Tuesday, January 29, 2019

Eternal Analysis 015—Endurance & Stun


Endurance is Eternal's vigilance, and stun is its super-tap, but their implementation and relationship are worth talking about.

Vigilance means your creature doesn't tap to attack, so that it'll be untapped during your opponent's turn and available for blocking. Endurance serves the same end, but achieves it by refreshing your unit at the end of your turn. At face-value, those are identical, but vigilance lets you also tap your creature for some effect, and endurance will ready your unit for defense no matter how you exhaust it.
Stun exhausts a unit immediately and prevents it from readying at the start of its controller's next turn. That's identical to Magic's unnamed super-tap mechanic, until you look at how it interacts with endurance. A creature with endurance can never be exhausted or stunned by an enemy effect—You can't even ask Xulta ExileHarmless Question to break its aegis. Additionally, you can undo a stun effect at any time by giving a unit endurance. Playing Reinvigorate or Stalwart Shield on a unit will not just counter but destroy a Permafrost attached to it. (Less intuitively, simply readying your unit with a Sandspout Mirage will do nothing to stun effects on it.)

The difference between Harmless Question and Permafrost is neat, by the way: Stun can be a one-time temporary effect, or ongoing as long as the stunning card survives, as on Ice Sprite.

This design decision gives players a counter to stun-heavy strategies: I'm sideboarding Infinite Hourglass for you, Permafrost and Icebreaker. The choice is not without downsides, as this complicates things slightly and endurance doesn't really have a weakness (where I can totally Twiddle a Serra Angel in Magic). Most endurance units aren't a big problem, but I can't not mention one of the strongest cards in the game, Sandstorm Titan, and how it shuts down games all on its own, just as an undercosted Skysnare Spider would.

There is one card that preys on endurance, and they just gave it an upgrade so that it also preys on lifesteal units: Ankle Cutter. I still don't know any relevant decks that run it (even Oni tribal). But again, except for the titan (which still dies to Annihilate, Vanquish, and most good removal above Torch) it's not like endurance units are ubiquitous and slowing a lot of games down.

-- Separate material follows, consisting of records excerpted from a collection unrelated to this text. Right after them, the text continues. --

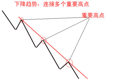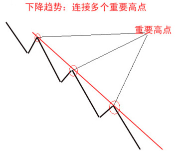 前期高点的连线容易形成阻力,前期低点的连线容易形成支撑,这是寻找重要阻力和支撑的方法。
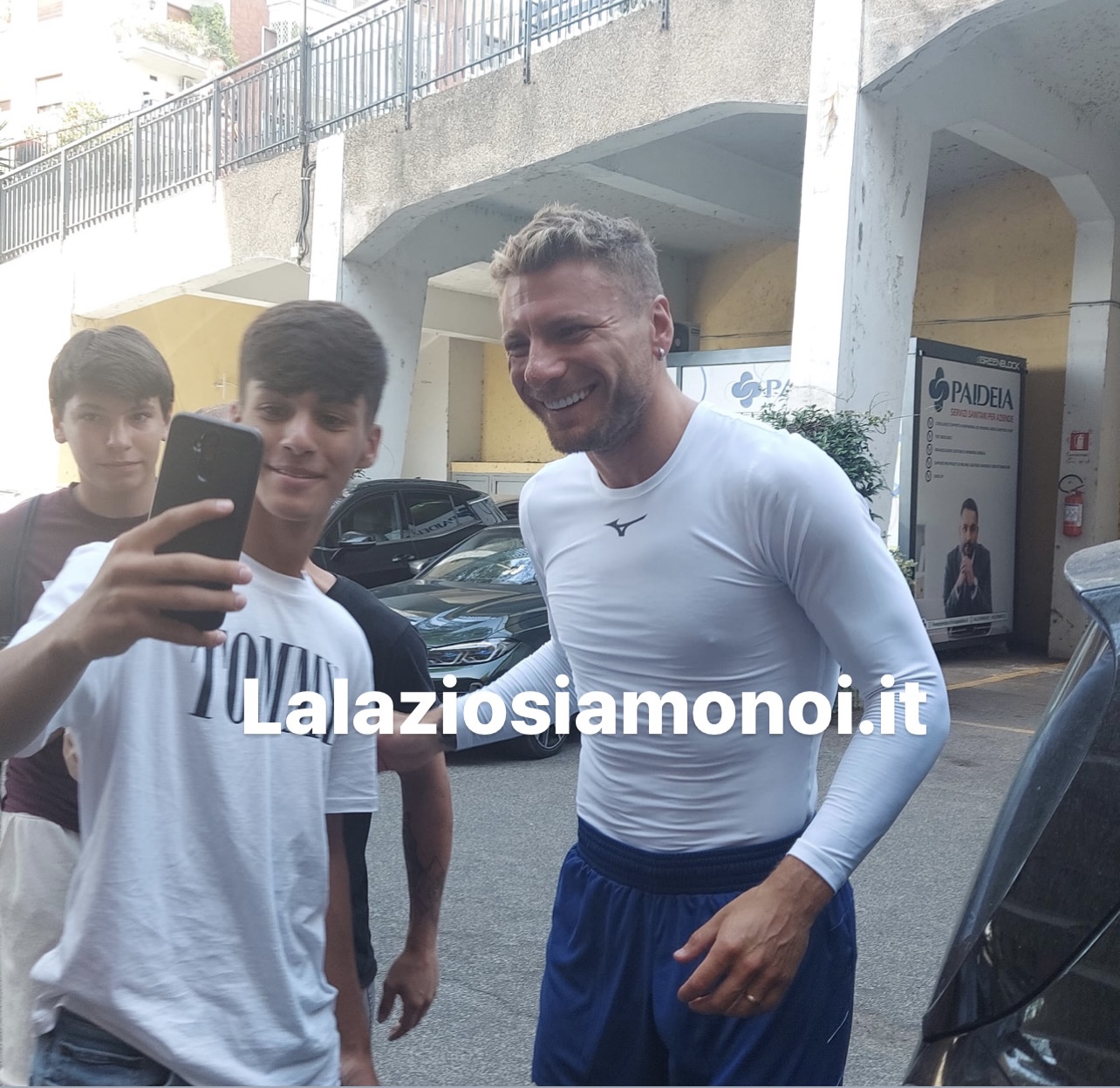 AGGIORNAMENTO ORE 9:30 - Tocca al capitano Ciro Immobile che in maglia tecnica Mizuno arriva in Paideia. Sorrisi e le foto con i tifosi presenti.
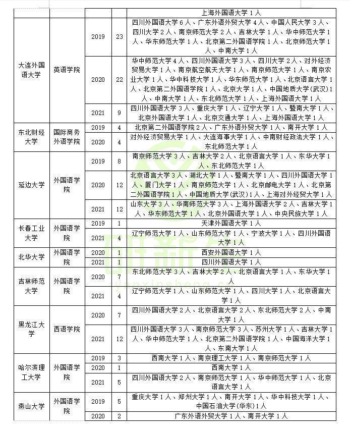 吉林:延边大学外国语学院、长春工业大学外国语学院、北华大学外国语学院、吉林师范大学外国语学院
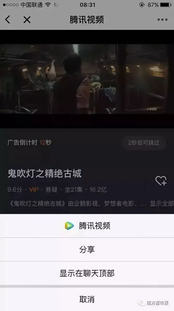 点击右上角弹出菜单,共有“分享”、“显示在聊天顶部”、“添加到桌面”(iOS无此选项)三(两)个按钮。
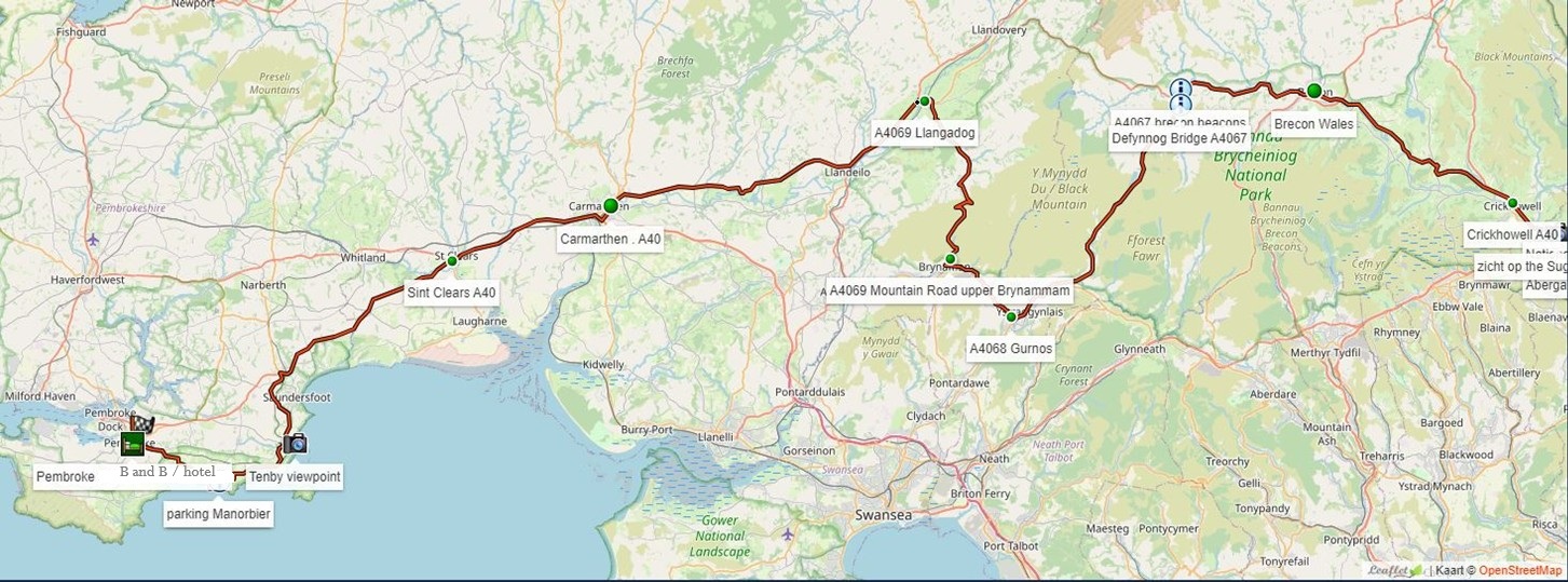 Dieser Name ist nicht unsonst. Eine wirklich schöne Route auf dem kahlen Hanmg des "Black Mountain". Hinweis: auf halbem Weg gibt es einige scharfe Kurven uber einen kleinen Pass. Wir gehen den Berg runter durch das Tal des Flusses Clydac. Es gibt hier zwischen den Weilern Pont Clydach und Afon Clydag einige schöne Wasserfälle Und Unerwartet eine steile Abfahrt. Konzentration ist wünschenswert, trotz der schönen Landschaft. Wir erreichen das Dorf Llanngadog auf der A40 in Richtung Westküste.
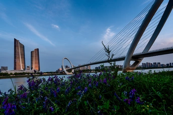 我想给双子塔拍张360度的照片,我想给南京眼和双子塔拍张合照,我想给这张合照前加上一个见证"者",于是我去拍了,有花有草相伴的南京眼和双子塔合照。

Endurance and stun aren't a huge facet of the game, but they are common and significant. The only tweak I'd suggest is making ready effects interact with stun effects too.

2 comments:

  1. Another wrinkle of stun: You can stun a unit after it attacks to remove it from combat. In Magic, you've got to tap a creature before it attacks, and this is a bit more intuitive (if you're not used to Magic).